Happy Hallow, as I guess today is! Above is not a picture of Hallowe'en. I have not been working here over Hallowe'en. God knows what's happened to the poor, brave souls who are. The work WhatsApp currently reads like the transcription of a black box. Lois has lost a finger, and I'm writing this on the train to York. I only hope they forgive my abandoning them.
“Why, to the North Po- to Whitechap- to London Bridge, of course! This is the Polar Exp- the Ten Bell- the Star Inn!”
When my job as a conductor on the Mid-Norfolk Polar Express ended in December, I knew I wanted the New Year to be, above all else, one in which I continued to play people who carry a hurricane lamp. No, I wanted to continue doing improvisation-friendly, site-specific shift work with a regular band of friends as I wrote last post, and the London Bridge Experience was my first themepunk gig of 2024. (I am committed to trying to make "themepunk" a thing. Sorry, it's my blog.)
London Bridge! History!
It was a return to Tooley Street, and to reading on the floor between shows, and writing your own script if you wanted to just as the London Dungeon had let you do when it was the rival across the road. It was also a return to painting myself a better jawline and cheekbones.
Look at this dashing rake! Who needs appetite supressants? Compare the portrait above taken when I started work at the LBE this February, to one below of me posing next to a stuffed tapir in Bedlam at the Dungeons in 2007, and you’ll see full rejuvenation was achieved. The dead don't age (although my phones seem to have got worse).
The LBE used some of the pumped odours too – and you know what that does to a pysche – and even some of the tunes: ducking out of Fleshmongers, past the giant spiders and through the labyrinth of killer clowns to check on my microwaved Shanghai rice in the green room, I’d hear the same plainsong which used to play on the steps to the boat ride a decade and a half ago…

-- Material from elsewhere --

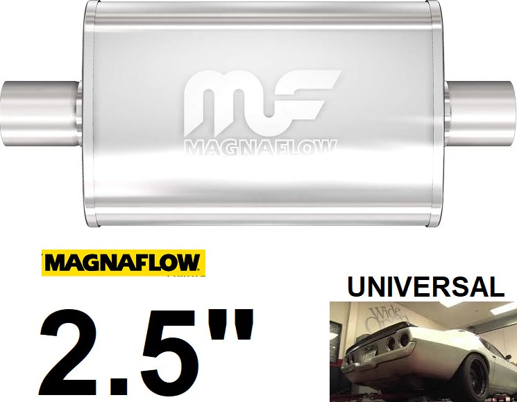 MAGNAFLOW SATIN STAINLESS STEEL OVAL MUFFLER REPLACEMENT PART, UNIVERSAL FIT, 2.5" FOR VAN, CAR OR TRUCK, (MODEL: 11216)

There were differences too, of course: old Horror posters on the wall as you enter, which made me feel more at home than ever, real swords and a fake Viking longboat, chainsaws, Romans, a wall of broken dolls, and the fact this place is genuinely underground (I turned my flash on one day, and you don’t get gastropodinous limestone arteries like this in County Hall...)
Everyone there works their arse off as well, like they grew up through Covid or something. Physically, verbally, chemically, no two actors share a superpower. I think it’s the only job on which I’ve lost my voice – bloody Vikings – which is another reason I've been taking it a bit easier. so, okay, the dead do age. But, readers... work with people who work their arse off. I don't mean losing a finger. I mean, say: okay, between bouts of bursting through a blood-drenched shower curtain, for example, Sam's at his laptop in the green room, putting together something like this beautifully simple, one-shot unnerver below. Enjoy! There’s Jess and Preston in the bushes too. God, I hope they're okay.